Long Term Care Facilities

 

OPSEU withdraws from nursing home committee

March 20 2009

OPSEU has withdrawn from a provincial implementation committee intended to develop guidelines for staffing in long term care homes.

The committee emerged from Shirlee Sharkey’s controversial appointment to propose a comprehensive health human resources framework for long term care facilities. The appointment followed a series of media stories and reports on poor conditions in Ontario’s publicly funded nursing homes.

The McGuinty government promised to introduce a staffing standard for the homes in the 2007 election, and it was widely expected Sharkey would help define what that standard would be. As the former head of the RNAO, Sharkey had once been an advocate for nursing ratios in the health care system.

Instead she dismissed the idea of a regulated staffing standard, watering down any requirements to a series of unclear initiatives that relied more on unenforceable guidelines rather than regulation.

One of those initiatives was to require each nursing home to form a Staffing Plan Committee that would make recommendations around utilization of existing human resources. That committee would include residents, their families, employees, board members and managers, but the recommendations would be non-binding.

“Without any commitment of resources, this committee will have little real impact on quality care for residents in our nursing homes,” says Patty Rout, OPSEU First Vice-President/Treasurer. “Using Sharkey, the McGuinty government is doing little more than providing window-dressing to cover up another broken promise.”

OPSEU is concerned that with a growing percentage of Ontario nursing home beds being provided by for-profit corporations, that the absence of a staffing standard has already compromised quality care in the drive to maximize profits.
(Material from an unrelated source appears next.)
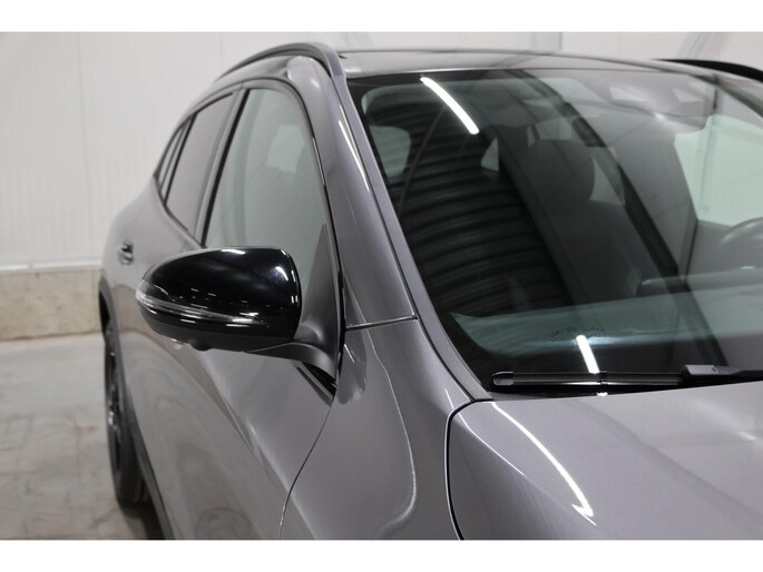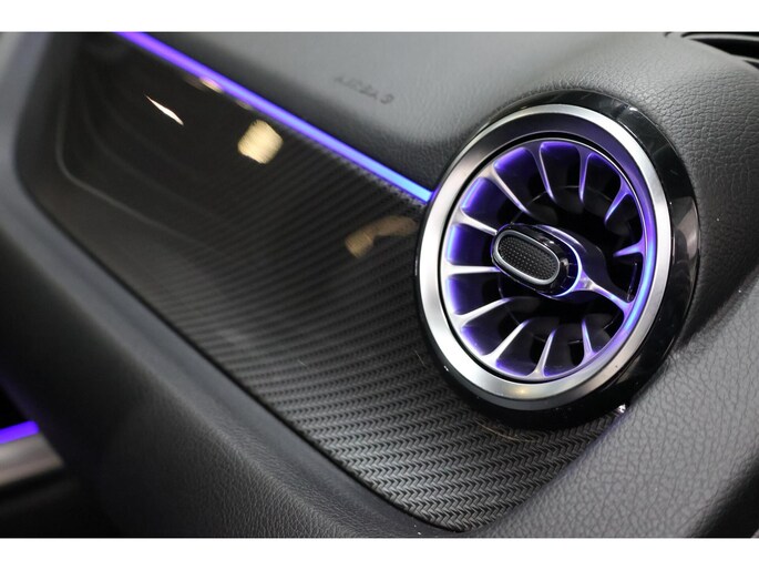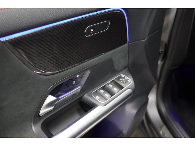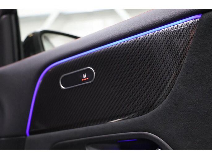 Uitgevoerd in Mountaingrau Metallic met het Night Pakket: zwarte accenten, getinte ramen, 19” AMG-velgen en verlaagde carrosserie. Het panoramisch dak en LED-verlichting versterken de sportieve premiumlook.

Extendicare, one of the major players in Ontario’s nursing home sector, has been fined for neglect of care in the US. A Florida jury awarded $20 million in damages against Extendicare in 2000 after a nursing home resident was found to be malnourished, dehydrated and had developed severe pressure sores. Testimony revealed the center operated short staffed and employees didn’t have enough time to provide the everyday tasks the resident needed.

OPSEU, CAW and CUPE have walked away from the committee, determined to return to the campaign to demand 3.5 hours of direct care per resident per day based on average acuity.